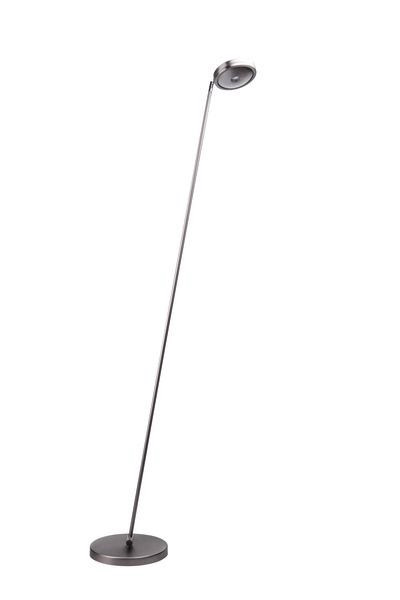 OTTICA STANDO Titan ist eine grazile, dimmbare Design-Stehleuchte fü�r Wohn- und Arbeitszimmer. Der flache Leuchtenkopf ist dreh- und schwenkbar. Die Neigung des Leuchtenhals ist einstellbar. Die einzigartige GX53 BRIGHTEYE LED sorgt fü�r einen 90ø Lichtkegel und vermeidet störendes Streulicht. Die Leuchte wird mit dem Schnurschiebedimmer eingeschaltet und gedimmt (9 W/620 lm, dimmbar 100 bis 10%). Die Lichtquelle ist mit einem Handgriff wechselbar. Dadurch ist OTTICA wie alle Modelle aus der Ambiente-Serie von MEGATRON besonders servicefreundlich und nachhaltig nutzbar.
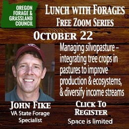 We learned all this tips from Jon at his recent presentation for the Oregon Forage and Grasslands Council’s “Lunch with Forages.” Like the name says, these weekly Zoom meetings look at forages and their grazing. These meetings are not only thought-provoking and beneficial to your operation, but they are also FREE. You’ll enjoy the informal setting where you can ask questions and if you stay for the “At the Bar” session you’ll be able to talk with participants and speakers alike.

○ ○ ○ ○

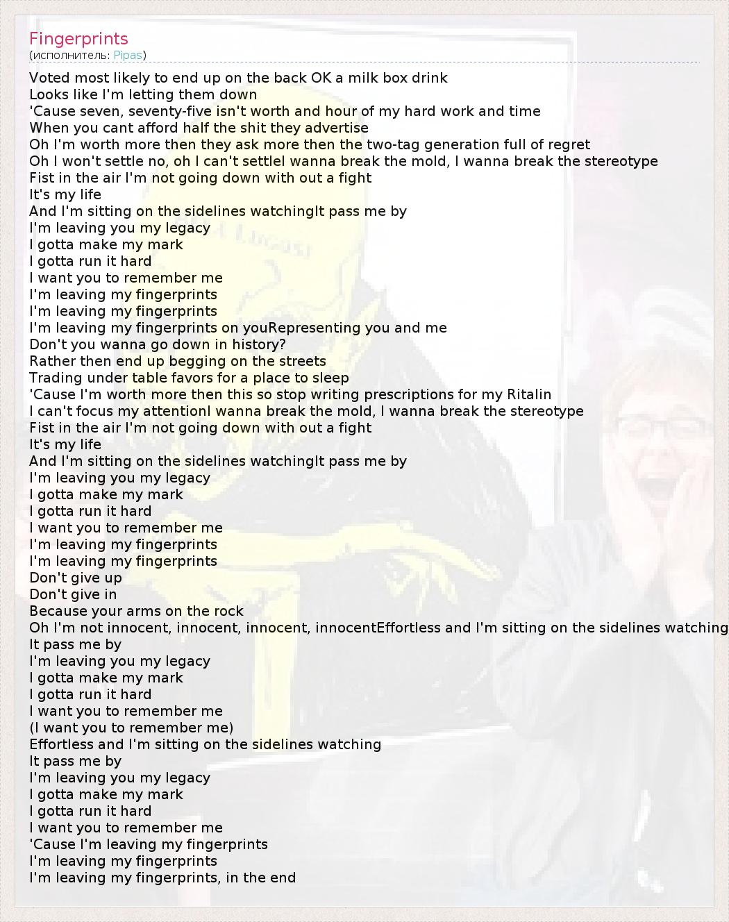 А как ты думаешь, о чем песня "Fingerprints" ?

○ ○ ○ ○

→ **TO DO**: Look back at the data above, then output exactly the lines from the line holding "OTTICA STANDO Titan" up to and including the line holding "We learned all". Leave out the pictures.

→ **ANSWER SECTION**:
 OTTICA STANDO Titan ist eine grazile, dimmbare Design-Stehleuchte fü�r Wohn- und Arbeitszimmer. Der flache Leuchtenkopf ist dreh- und schwenkbar. Die Neigung des Leuchtenhals ist einstellbar. Die einzigartige GX53 BRIGHTEYE LED sorgt fü�r einen 90ø Lichtkegel und vermeidet störendes Streulicht. Die Leuchte wird mit dem Schnurschiebedimmer eingeschaltet und gedimmt (9 W/620 lm, dimmbar 100 bis 10%). Die Lichtquelle ist mit einem Handgriff wechselbar. Dadurch ist OTTICA wie alle Modelle aus der Ambiente-Serie von MEGATRON besonders servicefreundlich und nachhaltig nutzbar.
 We learned all this tips from Jon at his recent presentation for the Oregon Forage and Grasslands Council’s “Lunch with Forages.” Like the name says, these weekly Zoom meetings look at forages and their grazing. These meetings are not only thought-provoking and beneficial to your operation, but they are also FREE. You’ll enjoy the informal setting where you can ask questions and if you stay for the “At the Bar” session you’ll be able to talk with participants and speakers alike.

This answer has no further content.